In future works, we will implement the context phase to select context in streaming data. Then, we will implement the data preprocessing phase to detect and repair issues in streaming data and will examine the impact of considering context in the data preprocessing performance and the data quality improvement in the streaming data. After this, we will complete the framework by implementing the analysis phase and calculating the data quality of the streaming data and we will also consider cleaning the data that comes from multiple sensors. We will also include AI techniques in the framework to reduce user intervention and automate the process of the proposed framework in adding or removing context from the selected context and switching between data preprocessing techniques (detection and repairing unit) based on data stream patterns to improve data quality. We will focus on cleaning the structured data format in the streaming data. When the proposed framework is fully implemented, we will extend the framework to include cleaning the semi-structured and unstructured data in the streaming data.
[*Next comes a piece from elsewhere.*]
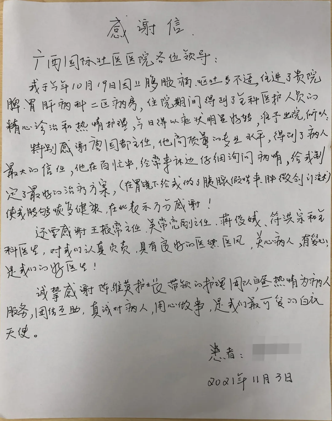 出院前,谭女士手写了一封感谢信,感谢唐国都“高质量的专业水平”让自己重拾健康,真诚感谢脾胃肝病科医护人员的悉心照顾,感谢“最可爱的白衣天使”助自己渡过难关。

Nowadays, domains such as, but not limited to, business, health, and industry increasingly depend on digital data. The importance of data quality has seen enormous growth over time in these domains because using poor data quality will result in serious consequences. Thus, the framework will be a useful tool for improving data quality in streaming data to enable better decisions to be made and to benefit the domain as much as possible.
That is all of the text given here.